Abstract 19 Poster Session 1, Saturday, 5/1 (poster 233)

OBJECTIVE: To determine the effect of dosing schedule and other biologic factors on the rates of seroprotection achieved 12 months after the initiation of the hepatitis B (hepB) vaccination series.

DESIGN: Prospective cohort design. 943 participants from a hospital-based and a school-based clinic were enrolled. Demographic data were obtained from patient questionnaires. Participants received the first hepB immunization after baseline serologies were obtained. Participants were told the correct dosing schedule for the vaccination (0, 1, and 6 months), however, participants returned at varying time intervals. Serology titers were obtained 12 months after initiation of the series. Seroprotection (SP) was defined as a titer level ≥10 IU/L. Participants were excluded from this analysis if they had positive baseline serologies (n=44), had received vaccine elsewhere (n=29), or were noncompliant with the 12 month visit (n=351). Data were analyzed using chi square analysis, Student's t test, and logistic regression models.

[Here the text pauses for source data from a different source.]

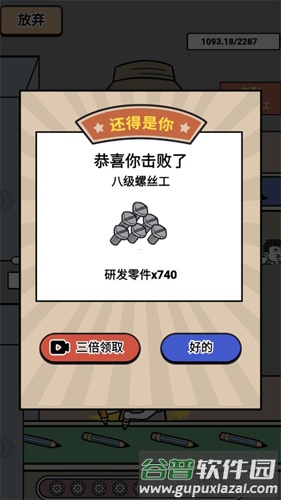 7、之后玩家需要凭借手速快速点击屏幕进行打螺丝对决,战胜对手后即可获得八级螺丝工职称,后续通过不断晋升来解锁更多游戏内容。
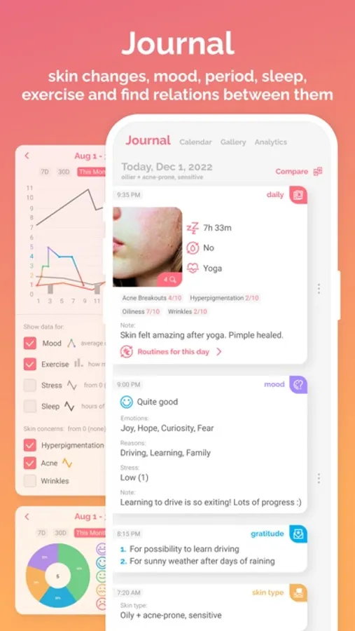 - Start journaling to track all the skin changes, photos and explore the relations between your skin and other lifestyle metrics.
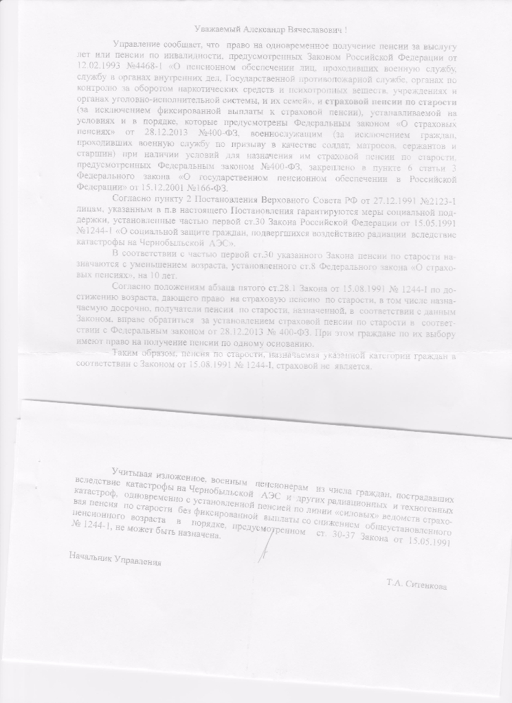 #1549Я военный пенсионер с 30 мая 2012 г., 1961 года рождения, являюсь ликвидатором аварии на Чернобыльской АЭС первого периода (работа в зоне отчуждения в 1987 г.). С 1 июня 2012 г. по настоящее время являюсь работающим пенсионером.
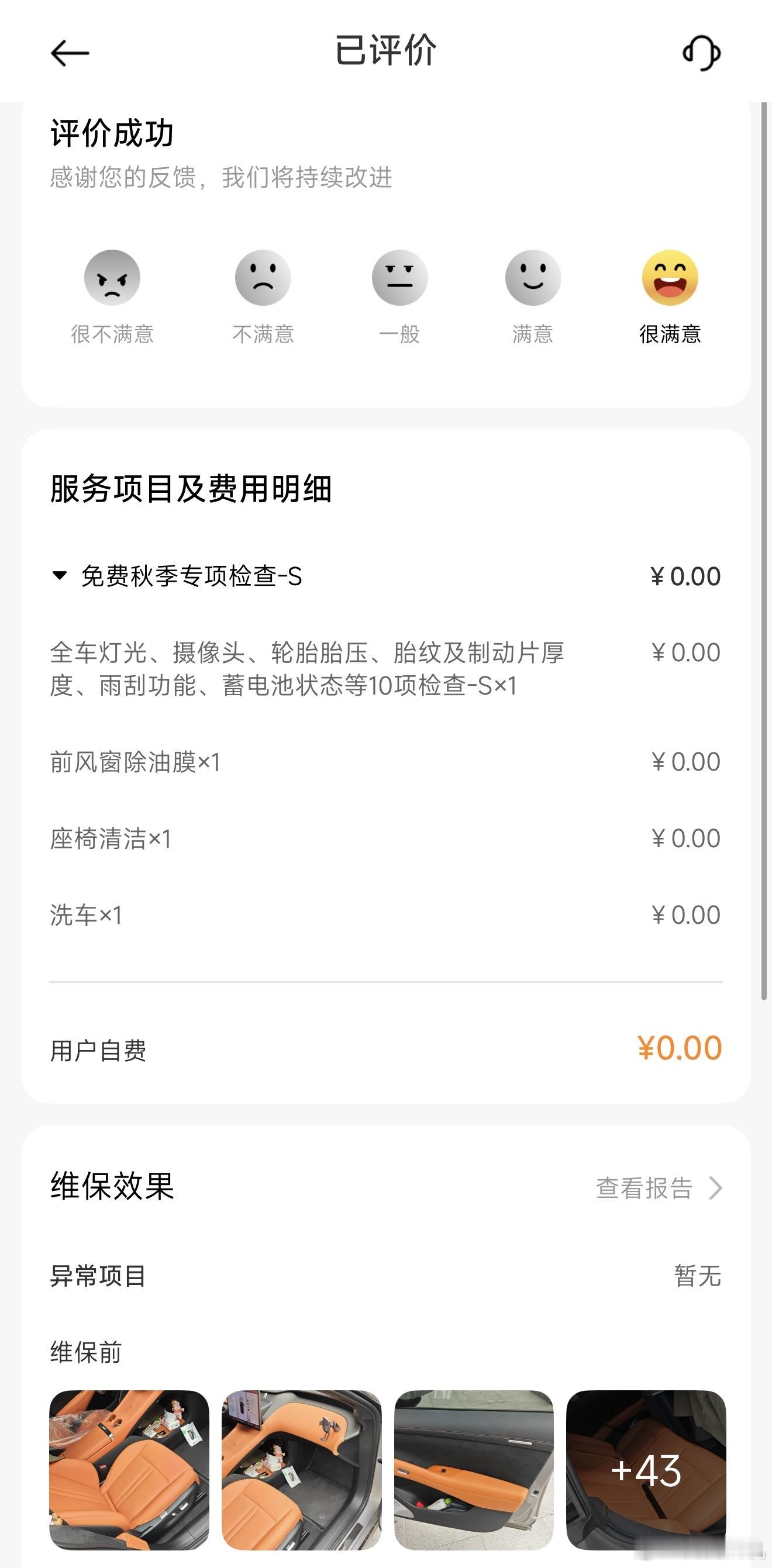 这次小长假虽然我没出门但是也预约了小米的免费深度检查和清洁的秋季关怀,也算是给车做了个简单的保养,而且后期还会给免费给车辆清洗干净和充满电,服务这一块确实没得说。
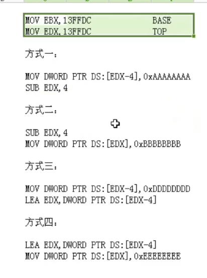 注:系统默认 EBP 为栈底,ESP 为栈顶。
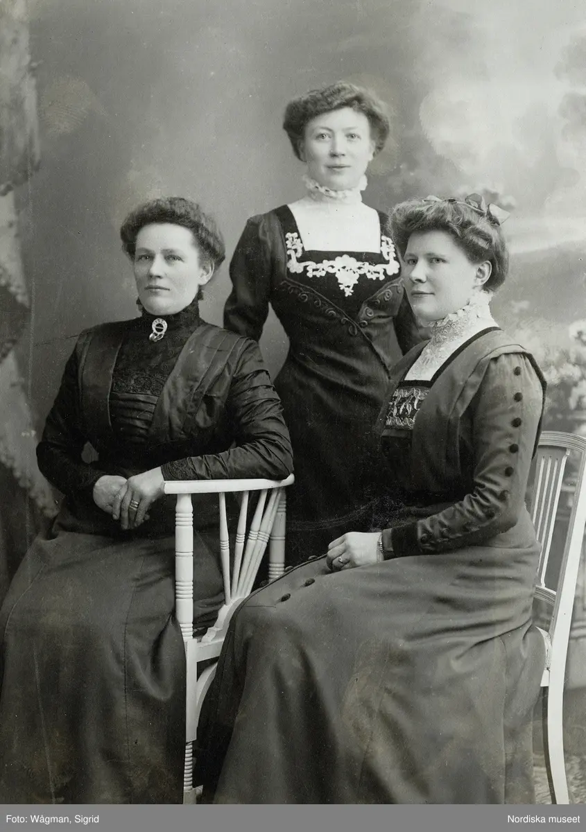 Ateljéporträtt av tre medelålders kvinnor i klänningar med broderier och höga spetskragar. Kabinettkort.
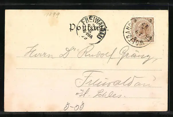 alte Ansichtskarte, gelaufen 1899, guter Zustand
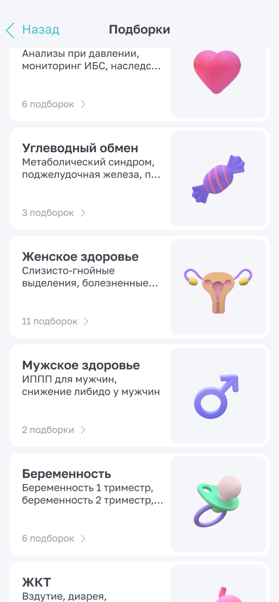 Подборки. Удобный инструмент для поиска нужного анализа исходя из заболевания или системы органов.
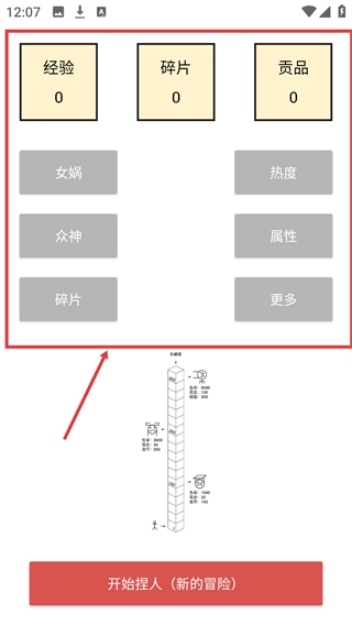 主界面会展示【经验】【碎片】【贡品】这三类资源,点击【开始捏人(新的冒险)】按钮,即可开启爬塔挑战。
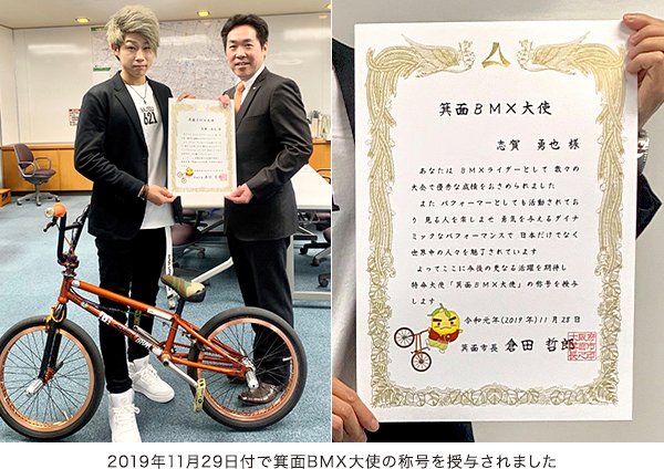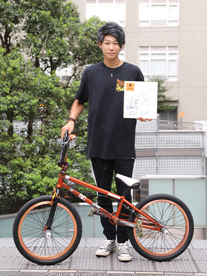 「高校3年の時にパフォーマーという職業を知って、そこから目指しだしました。BMXはプロでも他の仕事をしながらの人が多いので、僕も当初はスーパーで働きながらパフォーマンスをしていました。大会やパフォーマンスがある日はスーパーを休ませてもらいました。BMXをやりながら別の仕事もする予定でしたが、パフォーマンスをされている人から、『BMXでパフォーマンスをする人はいないからやってみたら?』と言われたのがきっかけで、始めたらすごく楽しくて。今はBMXだけを仕事にして生活できる人は数名程しかいませんが、BMXの先輩方やそれに関わる様々な方が、野球やサッカーのようにメジャースポーツにするため尽力して下さっています。BMXの未来はとても明るいと信じています。」
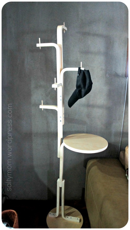 Recently, I made a coat hanger from two Ikea stools ( Frosta ) following the plans posted by the designer, Andreas Bhend. He was so generous to share not just one but three designs that can be made with the Frosta stool. There’s a wall shelf that reminds me of a subway map, a coffee table with a uniquely shaped table top, and a coat hanger as shown below :
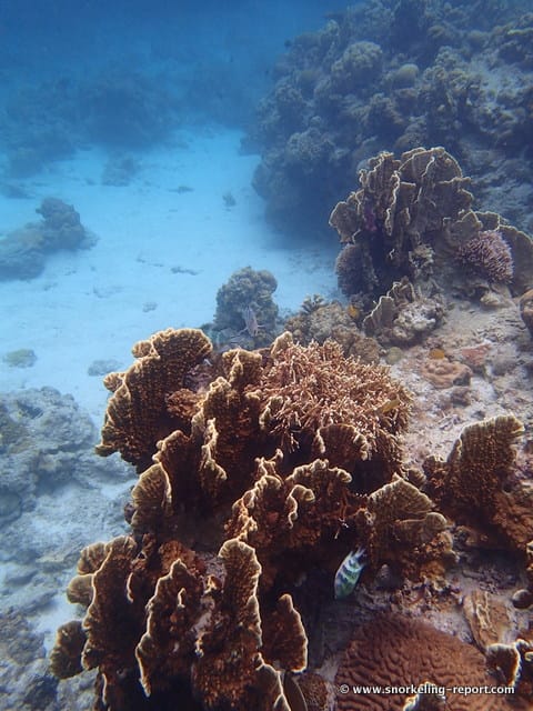 A marée haute, on peut explorer le récif principal (zone 2), assez petit, qui borde l’extrémité ouest de la plage. Parcourez-la à votre guise. Les différents récifs sont couverts de coraux de bonne qualité, qui tombent sur des fonds sableux peu profonds (env. 4m).
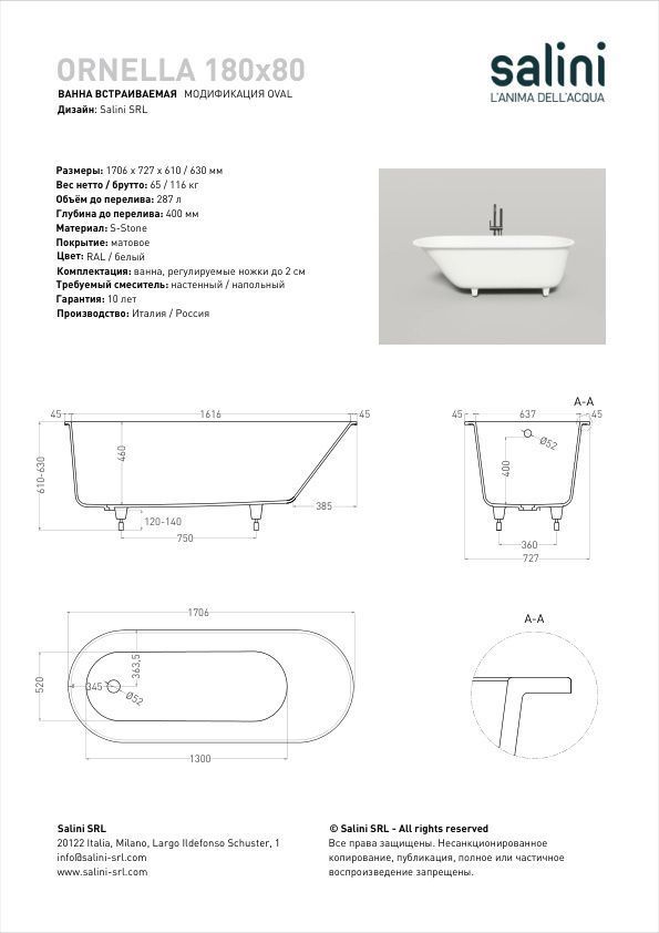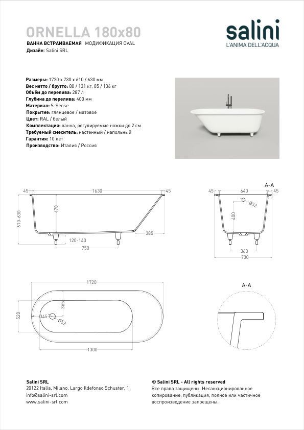 Встраиваемая ванна с отверстиями для слива и для перелива. Классические линии и универсальная форма дополнят интерьер вашей ванной комнаты. С учётом качества поверхности и эргономичности формы ванны ORNELLA по праву считаются одними из самых комфортных.
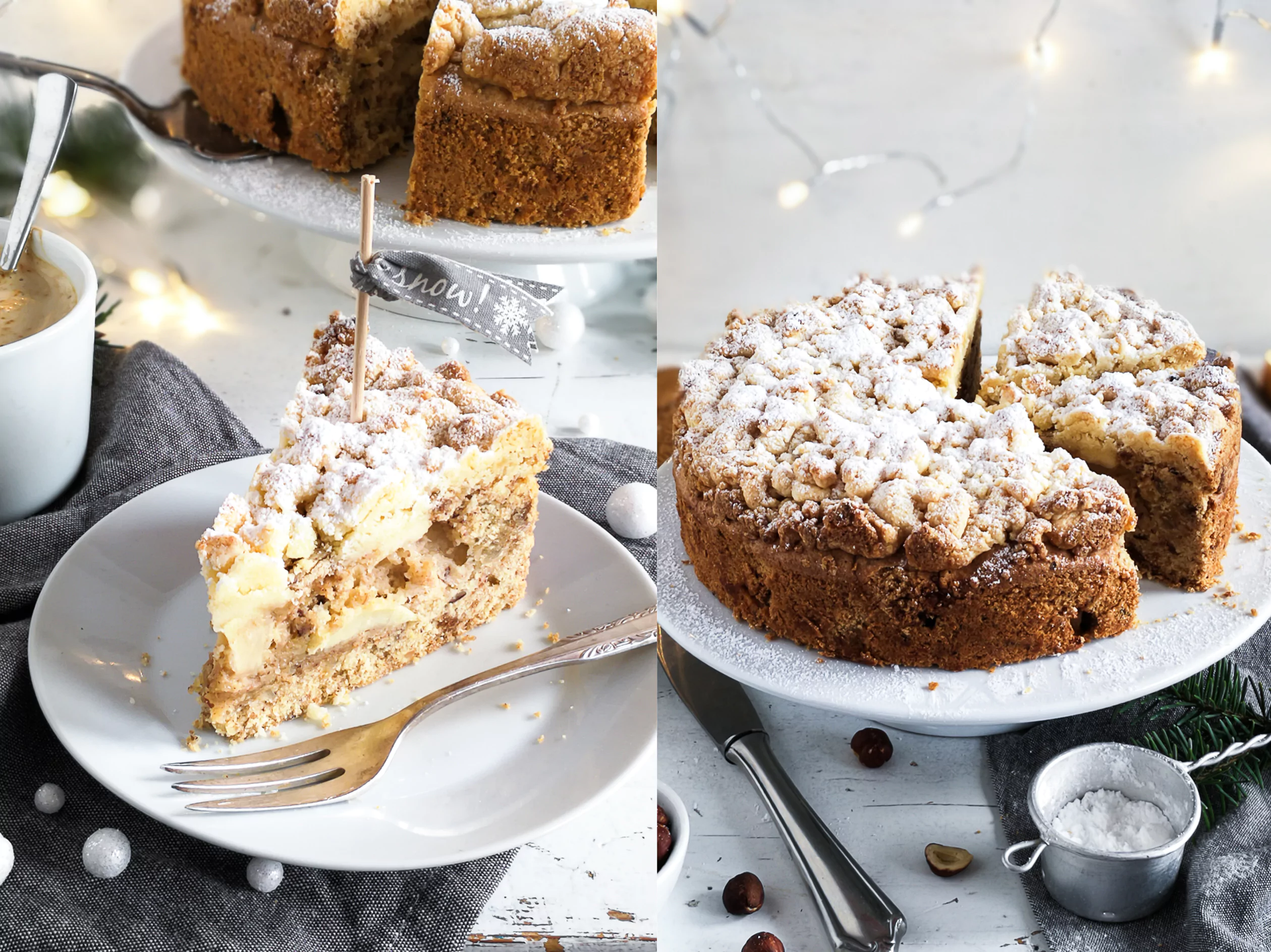 Ein Winter Wunderland Apfelkuchen, mit Spekulatius, Haselnusskernen und Marzipan Streuseln. Perfekt für die kalte Jahreszeit.
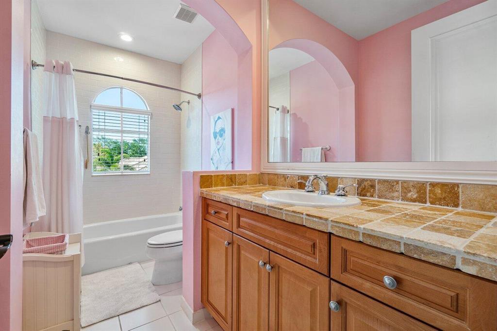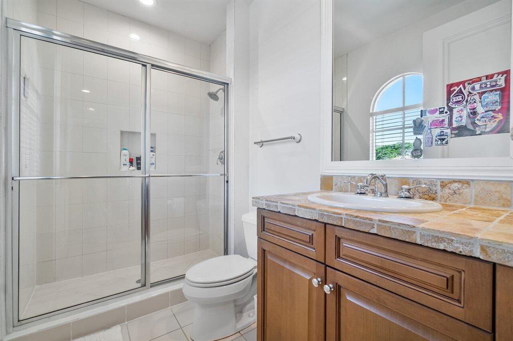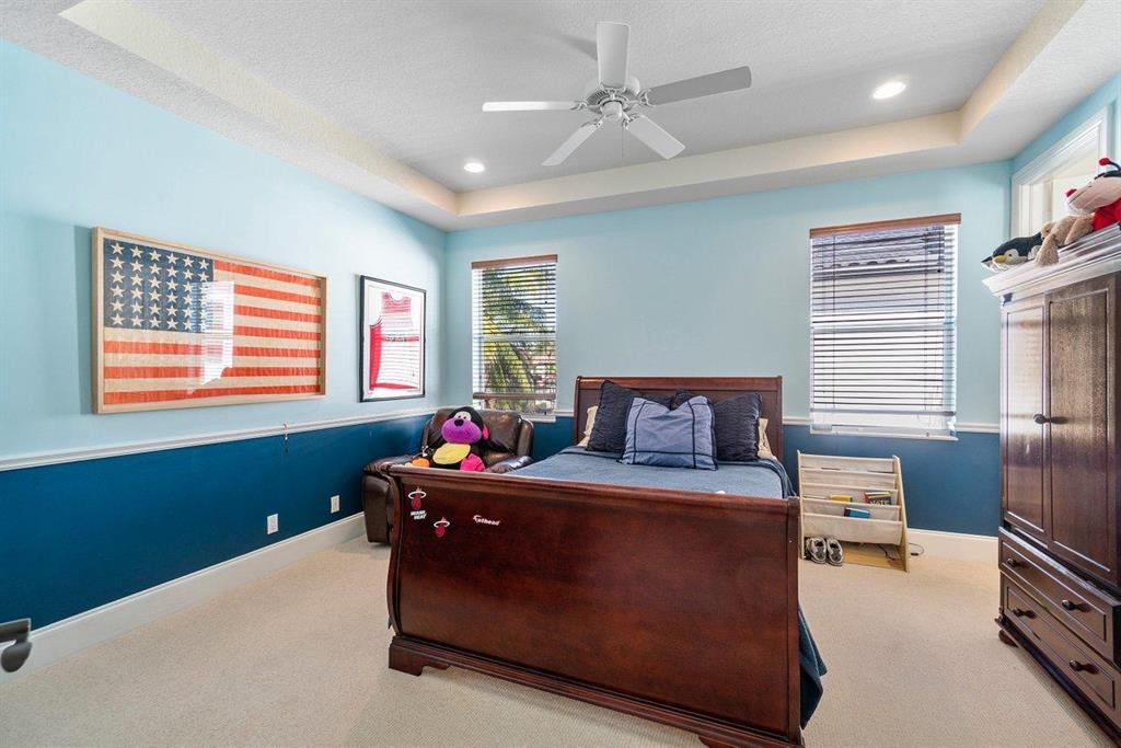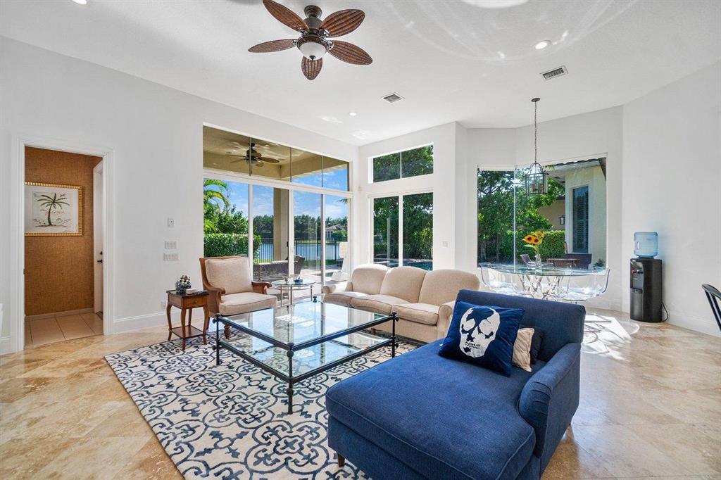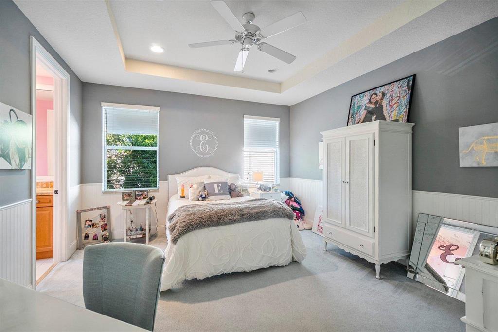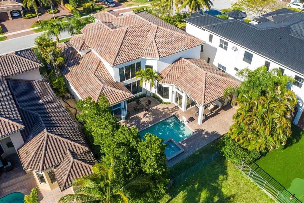 This custom Burgundy model boasts over 4,800 living square feet including 5 bedrooms, 5 full and two half baths including cabana bath and powder room, an office, loft, and a gorgeous south facing lakefront lot. This move in ready home welcomes you with its soaring ceilings, an open floor plan, sun drenched rooms, white gourmet chef's kitchen with granite countertops and opens to a spacious family room overlooking the expansive backyard with pool, spa and summer kitchen perfect for year round enjoyment and entertaining. Timeless millwork, tray ceilings, plantation shutters and marble flooring on the main floor add to the elegance of this home. An expansive private master suite located on the main level with his & her closets

RESULTS: 519 participants were eligible for analysis of 12 month seroprotection data. 61 participants had received only one immunization at the time of the 12 month visit with 19.7% achieving seroprotection. 171 participants had received 2 immunizations at varying time intervals with 69.6% achieving seroprotection. 287 participants had completed the series at varying dosing schedules before the 12 month visit with 98.6% achieving seroprotection. On bivariate analysis, age, race, vitamin and iron pill use, presence of a chronic illness, alcohol and marijuana use, and smoking were not associated with achieving seroprotection. When controlling for the number of immunizations received, gender and oral contraceptive use lost bivariate association with seroprotection. The number of immunizations received (completing the series 1 or 2 immunizations) (P=0.018) and lower body mass index (BMI) (P<0.001) were associated with seroprotection. For participants who received only 2 immunization, a logistic regression model including the variables of BMI and time in months to the second immunization revealed that seroprotection was not affected by time to the second immunization while BMI (OR=0.93, 95% CI=0.87-0.98) remained a significant predictor. For those completing the series, a logistic regression model including BMI, month of the second shot, month of the third short, and the interval between the second and third shots revealed that BMI (OR=0.83, 95% CI=0.69-0.98) remained the only significant predictor of seroprotection.

CONCLUSIONS: Dosing schedule within 12 months of initiating the hepB vaccination series does not affect the achievement of seroprotection among adolescents. The number of immunizations clearly affects rates of seroprotection, and health care providers may want to consider an adolescent's BMI when determining appropriate vaccination dosing.